One is Jordan Kassalow. After he had that moment of revelation when he outfitted a nearly blind boy with glasses that brought him his first vision of the world, Mr. Kassalow spent another 15 years working out the mechanics of getting more glasses on people's faces without his having to literally put them there.

It took him that long to figure out the money. Would foundations pay for the glasses, he wondered, or would the individuals themselves? And if it were the individuals, how could Mr. Kassalow get the glasses to them?

While he continued to work as an optometrist, he also studied the fundamentals of delivering product – how to source it, price it, and sell it – to the developing world. And, along with taking many trips to Latin America and India, he investigated international development and foreign policy so that he could operate more smoothly in poor countries where the need was most acute.

Through it all, he continued to ponder the notion that he'd had from the very beginning, which was to use the basic precepts of capitalism to encourage local people in poor countries around the world to sell glasses to their neighbours. That proved to be the founding vision, as it were, of VisionSpring, which Mr. Kassalow created in 2002.

"To make a go of it, I knew I needed three things – a good idea, people, and money," he says. The idea was a go after his trips to Latin America. There, he examined about 2,000 people with serious vision difficulties every week, of whom 70 per cent needed glasses only; the remainder required medicine or surgery.

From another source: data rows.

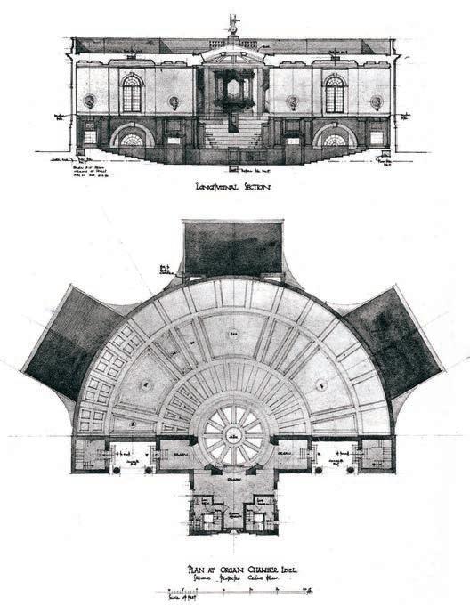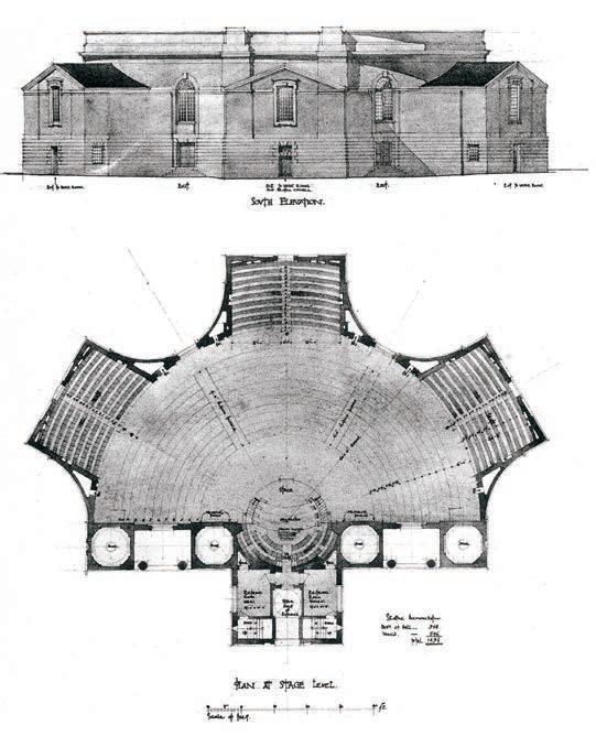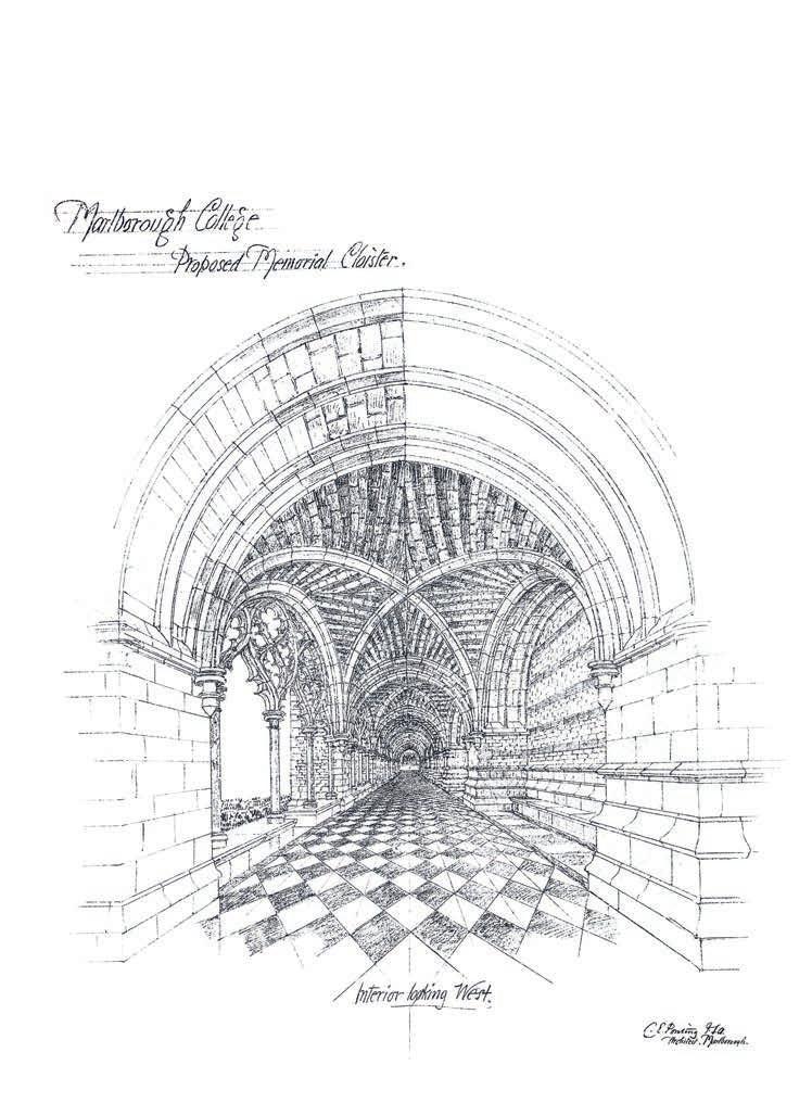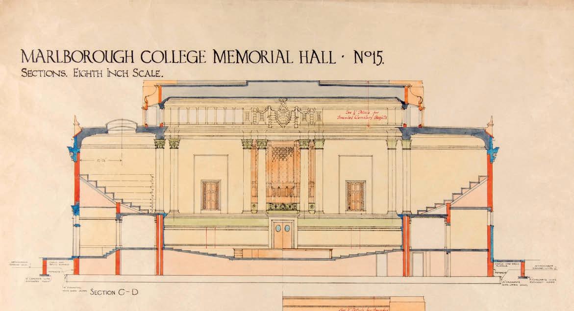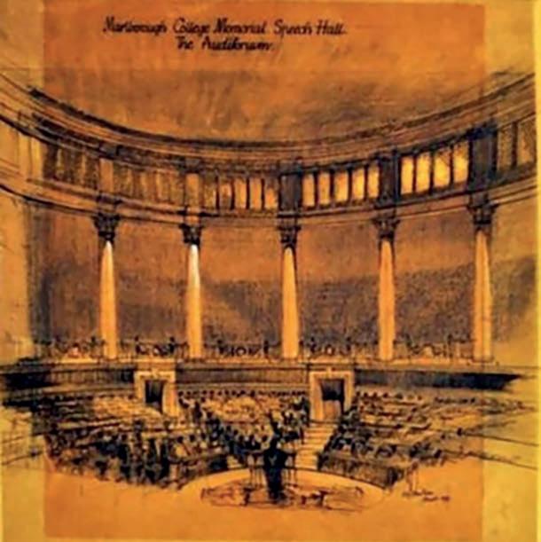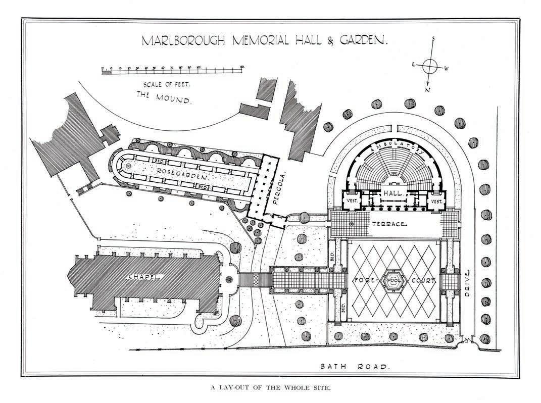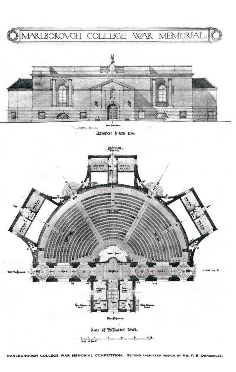 serve no utilitarian purpose at all, but the feeling at Marlborough was that any memorial should help to make the school a better place and there was a need for an assembly hall. There was ‘a strong preference for a Hall in the Amphitheatre style’, and it was felt the architecture should in some way to reflect the design of the C House, the early eighteenthcentury mansion in which the school had started in 1843. The committee also chose the site described as ‘the
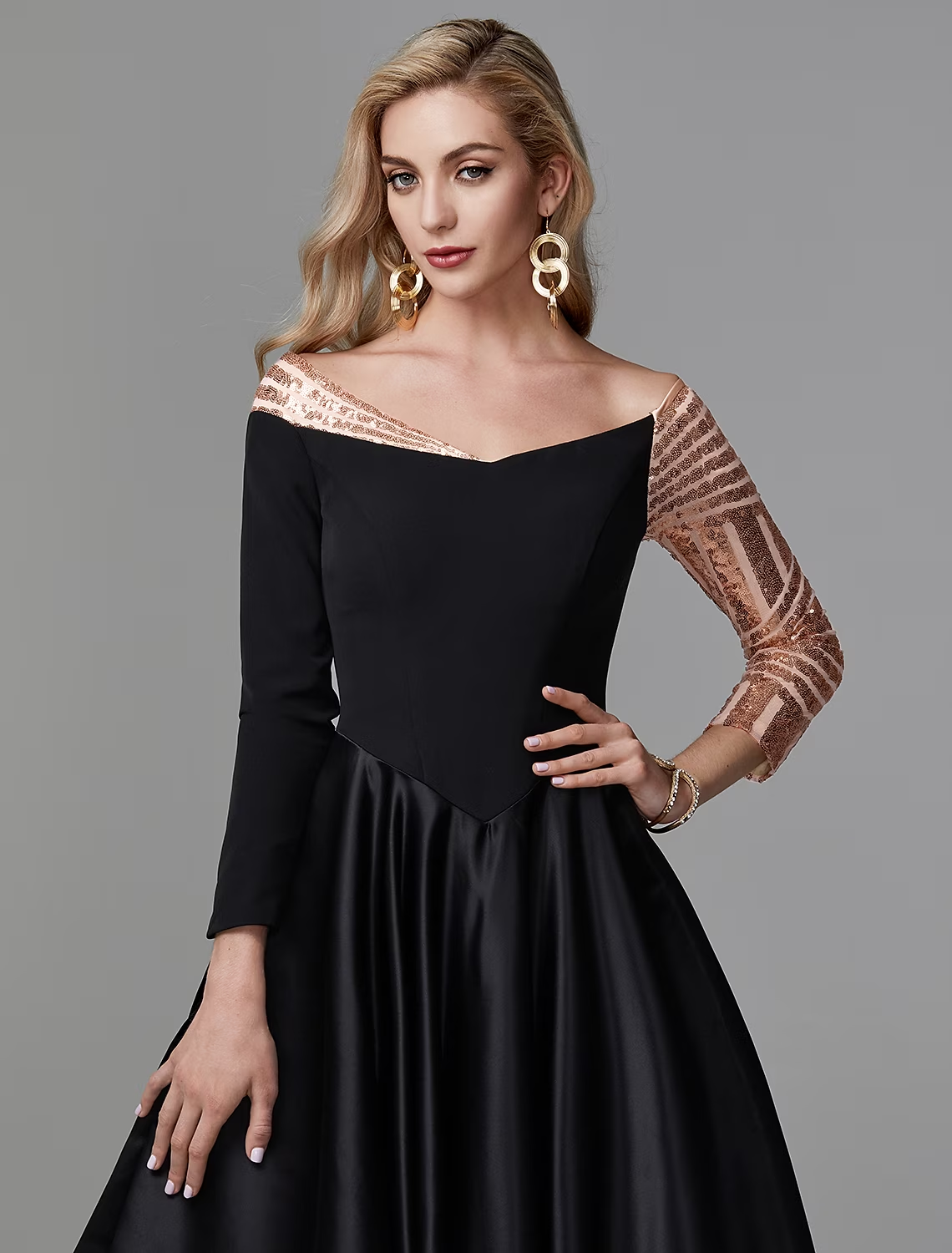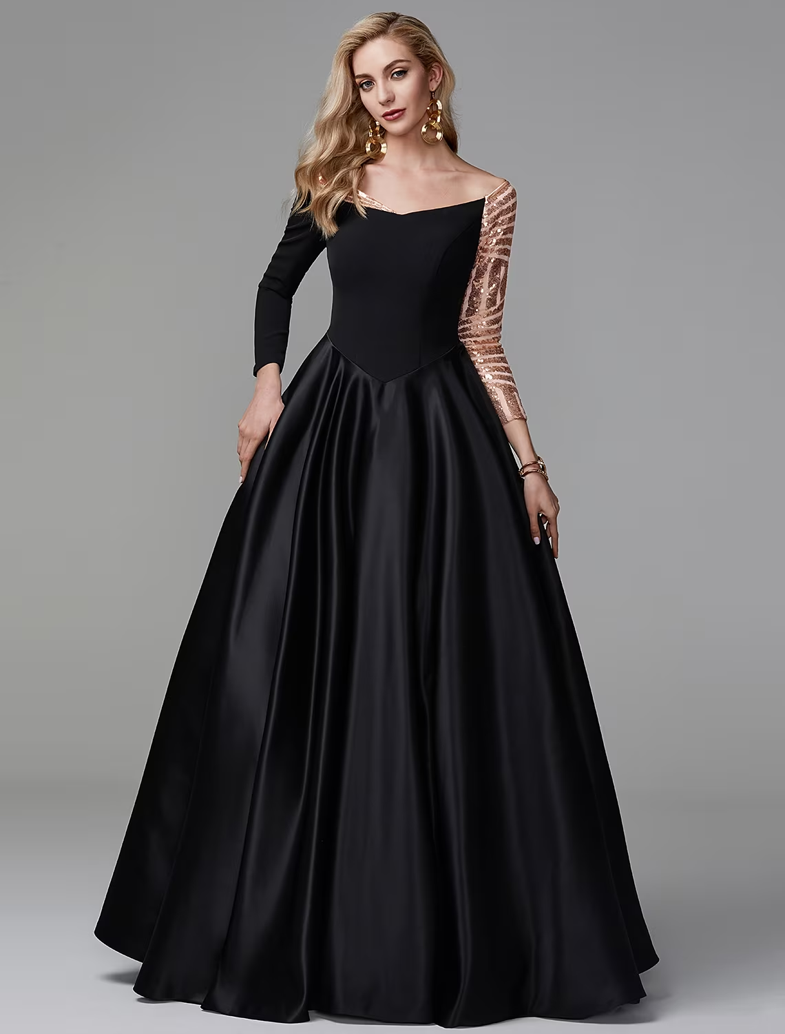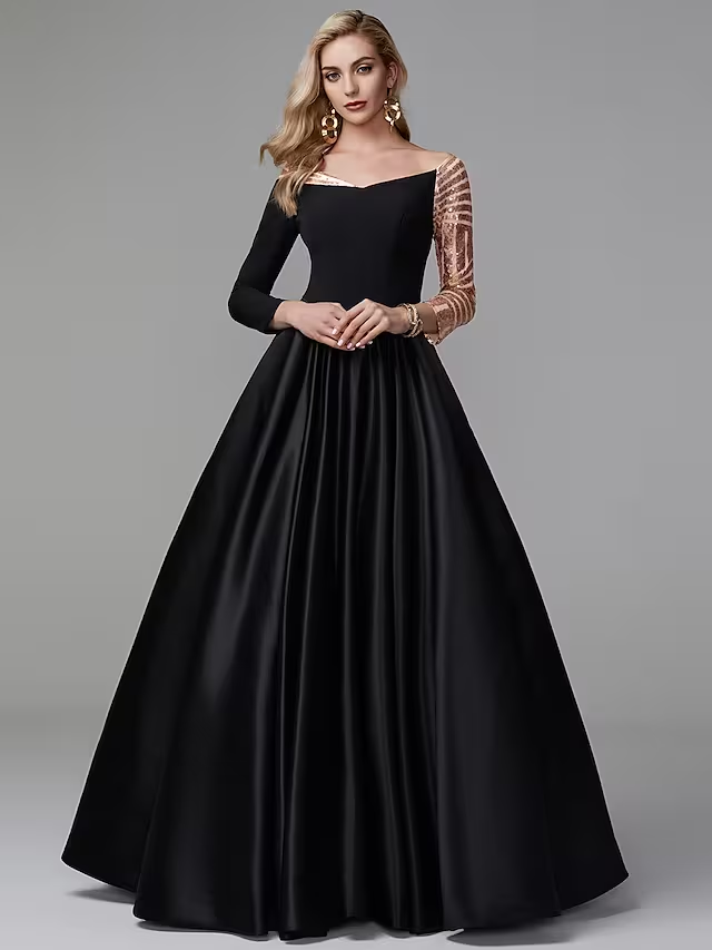 Ball Gown Sparkle Quinceanera Formal Evening Dress Off Shoulder Long Sleeve Floor Length Satin with Sequin
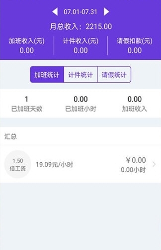 在软件里就能清楚了解自己工作日与周末加班的费用明细,方便进行计算。
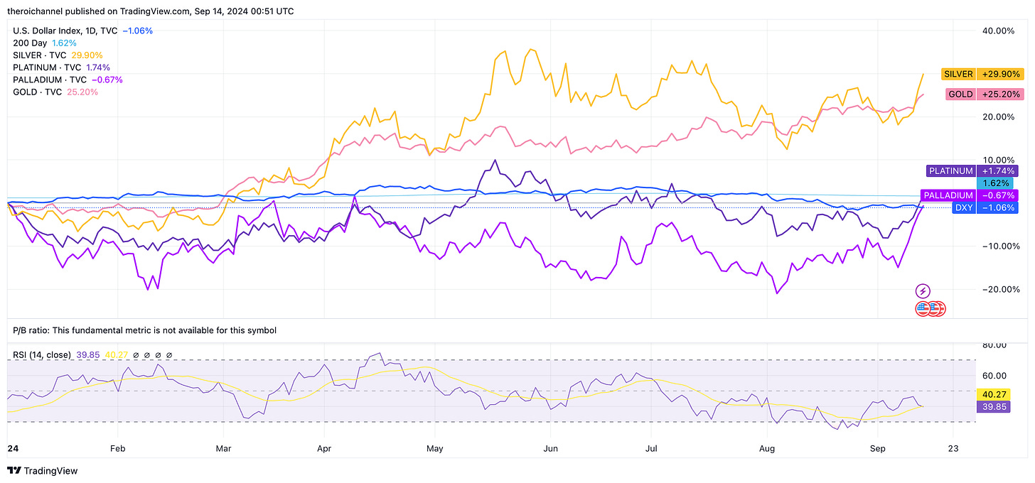 Now onto Platinum and Palladium which are sharply inflecting back up after being in the doldrums. Most likely due to the announcement that one of my irresistible

Of that 70 per cent, half could get by with glasses of the type people in the United States would find in a drugstore. That was his market, for those glasses could make the difference between self-sufficiency and dire poverty.

As he says, "There was a huge economic drain throughout the developing world because of something that was so fixable with a product I could source in China for under a dollar."

That is when he had the final epiphany: to rely on capitalism to power this non-profit.

The profit motive would release a legion of eyeglasses salespeople, mostly women, throughout the developing world. They would bring with them what he terms a "business in a bag''– a store of eyeglasses to sell to people in need.

When he tested the concept on 18 saleswomen in India, a third broke even, a third lost money, and a third made money.

It wasn't an overwhelmingly positive response, but it was enough. "It was enough to say, hey, we should keep giving it a go and find out, and that, very much the tenet of social enterprise, is to look for bright spots and start to understand why they work, and then ask a bunch more questions. And then eight things that you try don't work, but two will."

That's how start-ups are. Most fail, and most of their ideas fail. So you need to grab on to the ones that succeed, because that is all you will ever have.

Mr. Kassalow depended on the sales force. There simply weren't enough of what he called "philanthropical dollars" to accomplish the mission.

"There are about a half billion people who need these glasses," he says. "Even if we raise tens of millions of dollars, we weren't going to make a dent in the problem."

For that, he would need to harness the power of the market. "Then we can really scale it," he says.